Understanding LLM Testing For Applications

LLM testing is the process of verifying that your LLM-powered application produces reliable, safe, and appropriate outputs for your specific use case. The foundational model has already been tested by the model provider. Your job is to test what you built on top of it.

When you build an LLM application, you’re designing prompts, structuring context, retrieving relevant information, chaining multiple calls together, and managing conversation state. Each of these components can fail independently or in combination. Testing catches these failures before your users do.

Traditional software testing doesn’t work here because it assumes deterministic behavior. If you ask for 2+3, you expect 5 every single time. With LLMs, if you call with the same prompt twice, you’ll likely get two different responses. Both might be correct, one might be better, or both might be wrong in different ways. Exact string matching won’t work. You need semantic evaluation to check if the output matches the expected meaning, tone, structure, or safety criteria for your use case.

The LLM Testing Hierarchy

Just like traditional software, LLM applications benefit from testing at multiple levels:

Unit tests verify individual LLM calls work correctly.

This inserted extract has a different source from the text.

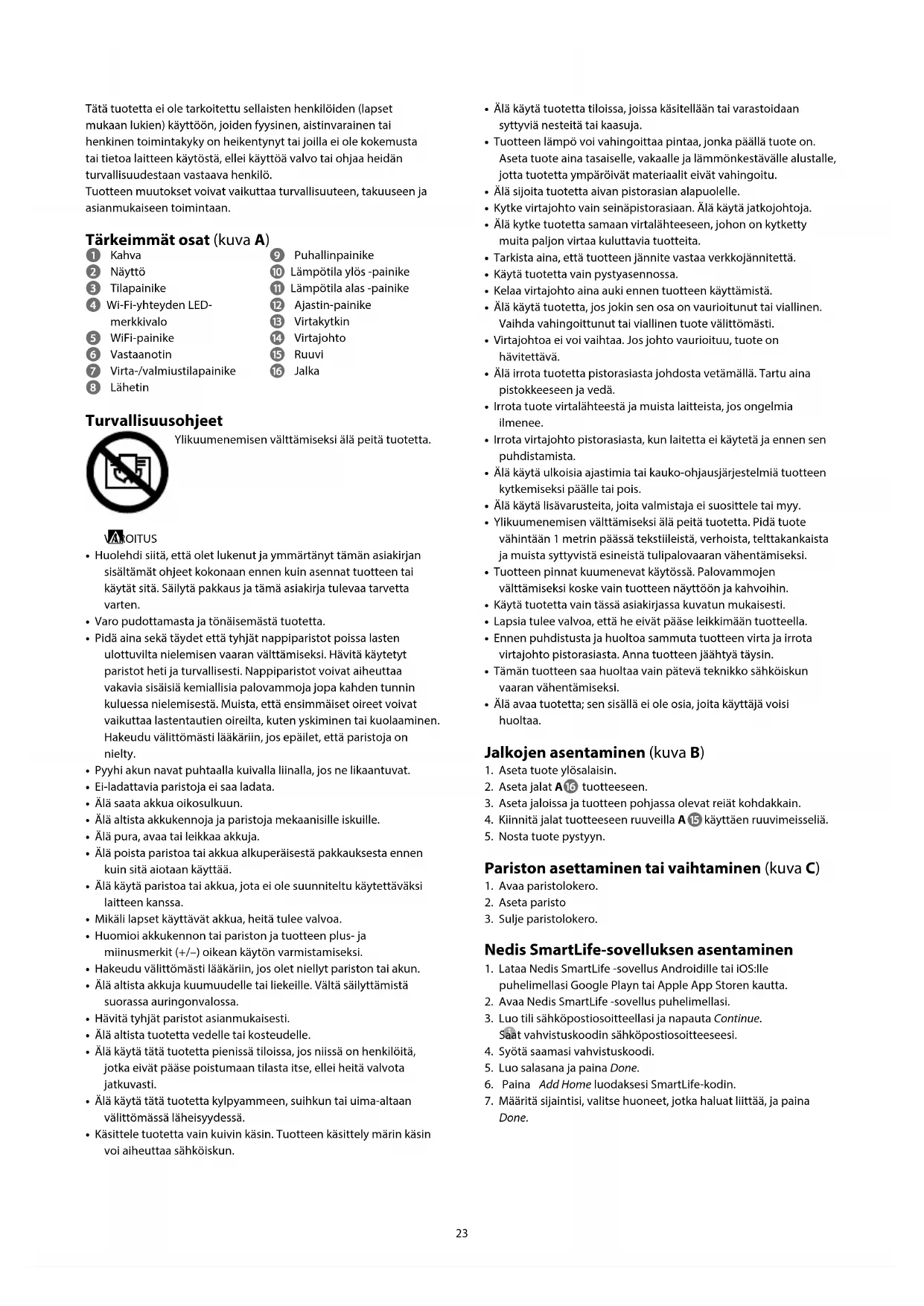 Done. Tätä tuotetta ei ole tarkoitettu sellaisten henkilöiden (lapset mukaan lukien) käyttöön, joiden fyysinen, aistinvarainen tai henkinen toimintakyky on heikentynyt tai joilla ei ole kokemusta tai tietoa laitteen käytöstä, ellei käyttöä valvo tai ohjaa heidän turvallisuudestaan vastaava henkilö. Tuotteen muutokset voivat vaikuttaa turvallisuuteen, takuuseen ja asianmukaiseen toimintaan. Tärkeimmät osat (kuva A) 1 Kahva 2 Näyttö 3 Tilapainike 4 Wi-Fi-yhteyden LED- merkkivalo 5 WiFi-painike 6 Vastaanotin 7 Virta-/valmiustilapainike 8 Lähetin 9 Puhallinpainike q Lämpötila ylös -painike w Lämpötila alas -painike e Ajastin-painike r Virtakytkin t Virtajohto y Ruuvi u Jalka Turvallisuusohjeet Ylikuumenemisen välttämiseksi älä peitä tuotetta.

You test single prompt-response pairs to ensure your system prompt, context formatting, and basic instructions produce appropriate outputs. These are fast and catch obvious problems early.
Functional tests verify complete workflows end-to-end. You test multi-turn conversations, full RAG pipelines, or agent processes that make multiple LLM calls. These catch integration issues and emergent behaviors you won’t see in unit tests.
Regression tests run your full test suite after changes to catch degradation. You changed your prompt? Updated your RAG retrieval logic? Regression tests tell you if these changes improved, maintained, or hurt your application’s performance.
Production monitoring evaluates real outputs in real-time or in batches. This catches failures that slip through testing, either because your test dataset didn’t cover the scenario, or because user behavior evolved. Production monitoring feeds real failures back into your test suite to create a continuous improvement loop.

Your testing process will inevitably evolve over time. Start with unit tests on your critical prompts, add functional tests for your key workflows, then layer in regression testing and production monitoring as your application matures. You don’t need all four on day one. We’ll dig deeper into each of these testing methods later in this guide.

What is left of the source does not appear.